Source records
▶

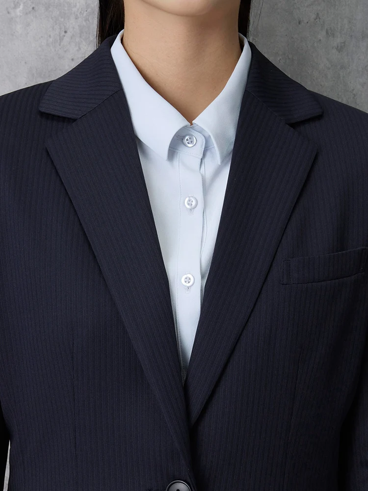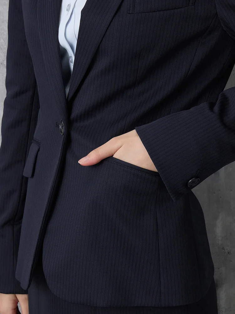 1つボタンのデザインで、シンプルかつスタイリッシュな印象を与えます。洗練されたシルエットが特徴です。
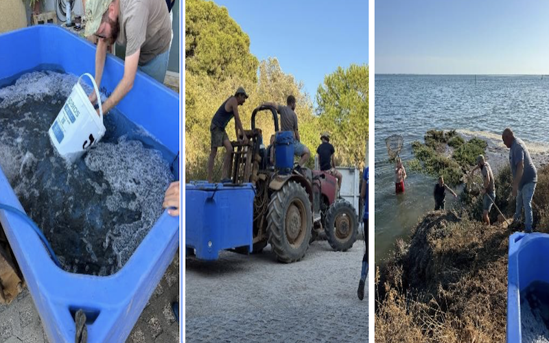 Equipa da Estação Piloto de Piscicultura de Olhão liberta corvinas e robalos na Ria Formosa
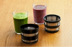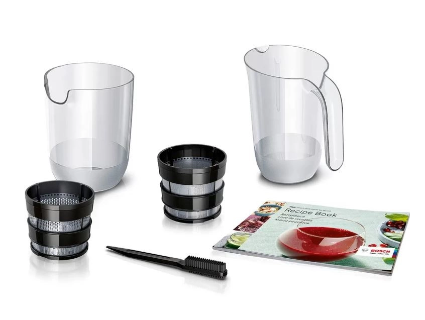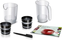 Vsi plastični deli, ki prihajajo v stik z živili, so brez BPA in jih je mogoče udobno pomivati v pomivalnem stroju. Vzdržljiv, zelo tih 150 W motor s približno 55 obr./min zagotavlja visoko izplenjenost soka z minimalnim hrupom. Priložena je tudi knjiga receptov z idejami za sokove, smutije in zdrave napitke.
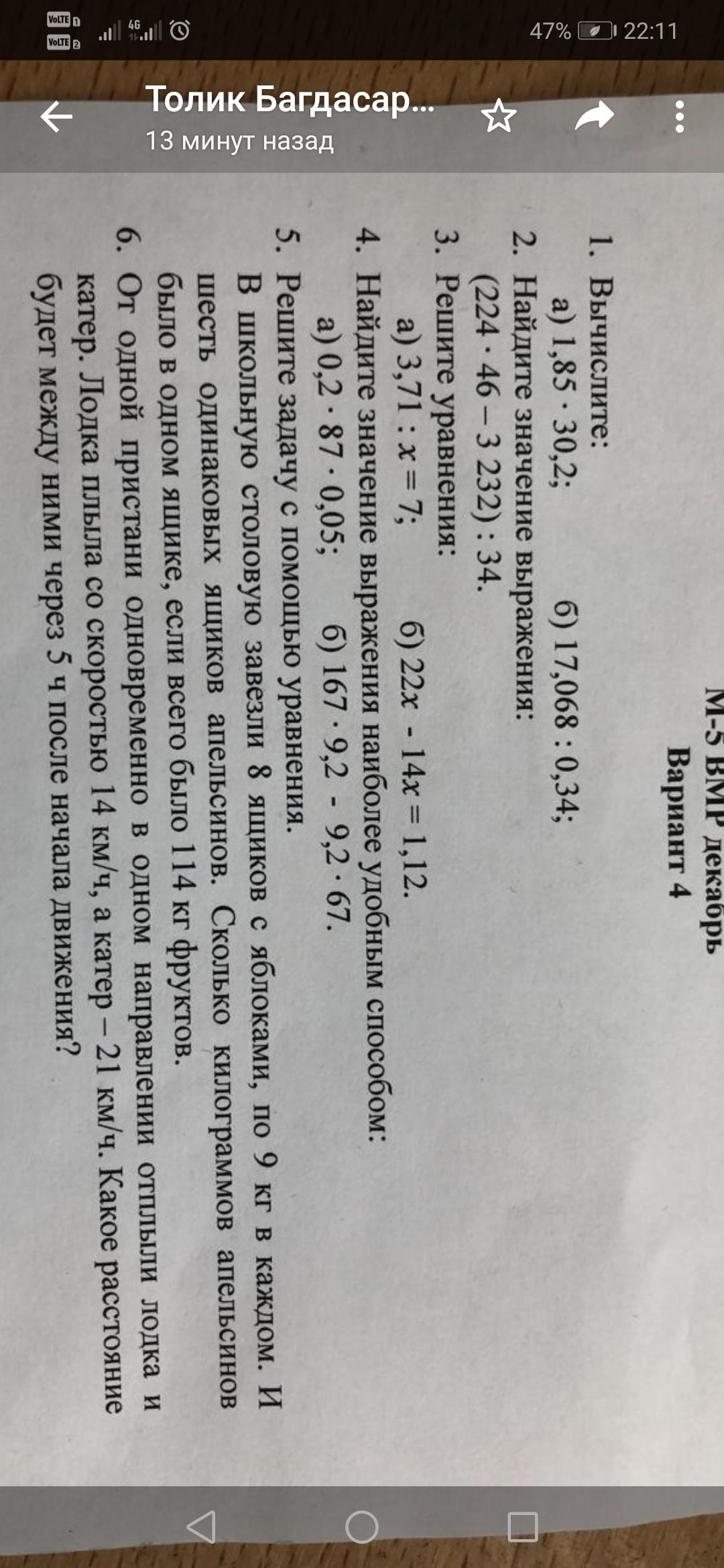 Ответ: 1) а. 1,85 • 30,2= 55,87
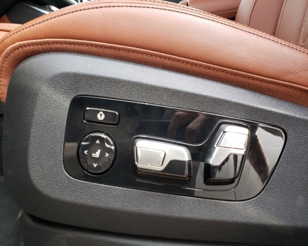 全新宝马X7搭配底盘升降功能,通过推杆,可以将车身最多升高40mm以提高通过性,当车辆处于运动模式或时速超过138km/h时,车身会自动降低20mm,另外静止时,驾驶员可手动降低悬架40mm,方便装载物品。中控台下方的两个杯架,各带有制冷和加热功能。
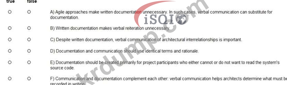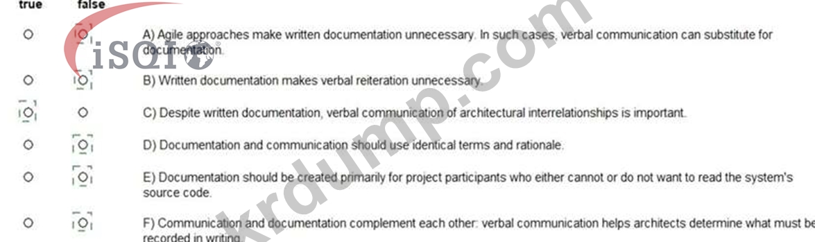 소프트웨어 아키텍처의 서면 문서 및 구두 의사 소통은 어떻게 관련되어 있습니까? 다음 진술을 참 또는 거짓으로 표시하십시오. (모든 답을 할당합니다.)
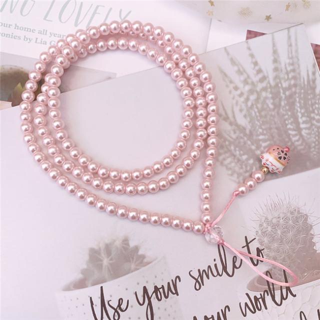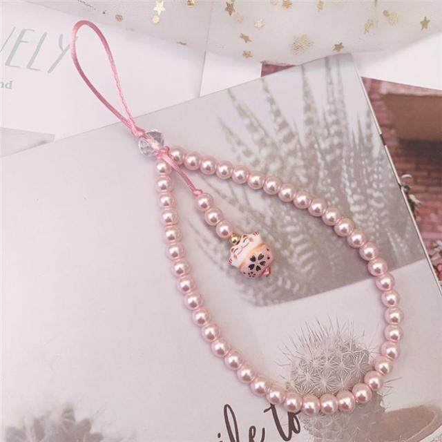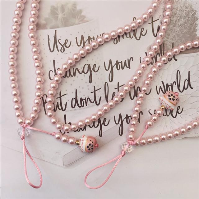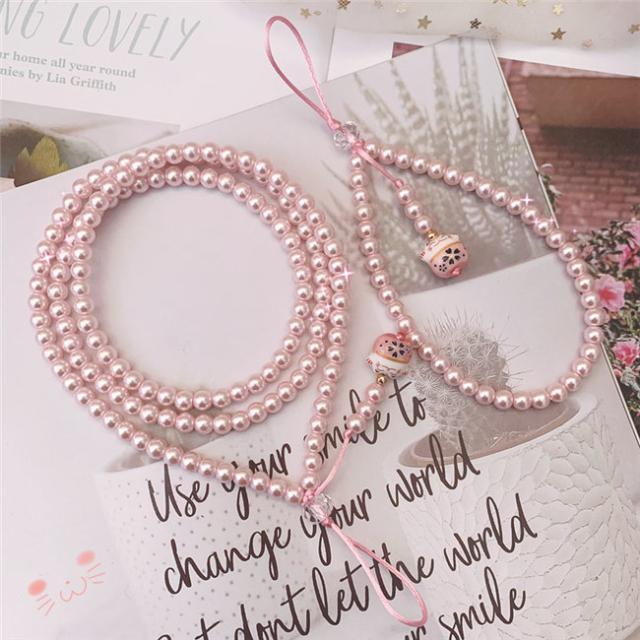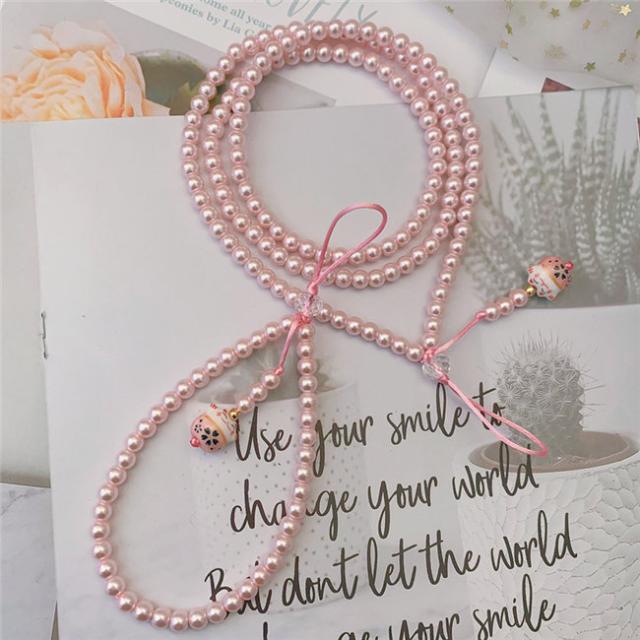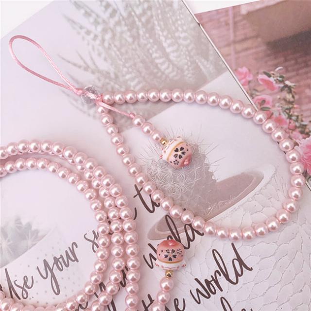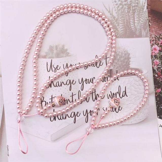 ピンク ガラス パール ネックストラップ スマホ ストラップ ハンドストラップ パールストラップ スマホケース 携帯ケース スマホケース 首掛け 腕掛け 落下防止 携帯 スマホ スマートフォン パスケース 社員証 IDカード スマホケース 母の日

◀

- **EXERCISE PROMPT**
Print once more, exactly, the lines that start at the top of the records above and end at the line with "Vsi plastični deli, ki", skipping all pictures.

- **ANSWER SECTION**
 1つボタンのデザインで、シンプルかつスタイリッシュな印象を与えます。洗練されたシルエットが特徴です。
 Equipa da Estação Piloto de Piscicultura de Olhão liberta corvinas e robalos na Ria Formosa
 Vsi plastični deli, ki prihajajo v stik z živili, so brez BPA in jih je mogoče udobno pomivati v pomivalnem stroju. Vzdržljiv, zelo tih 150 W motor s približno 55 obr./min zagotavlja visoko izplenjenost soka z minimalnim hrupom. Priložena je tudi knjiga receptov z idejami za sokove, smutije in zdrave napitke.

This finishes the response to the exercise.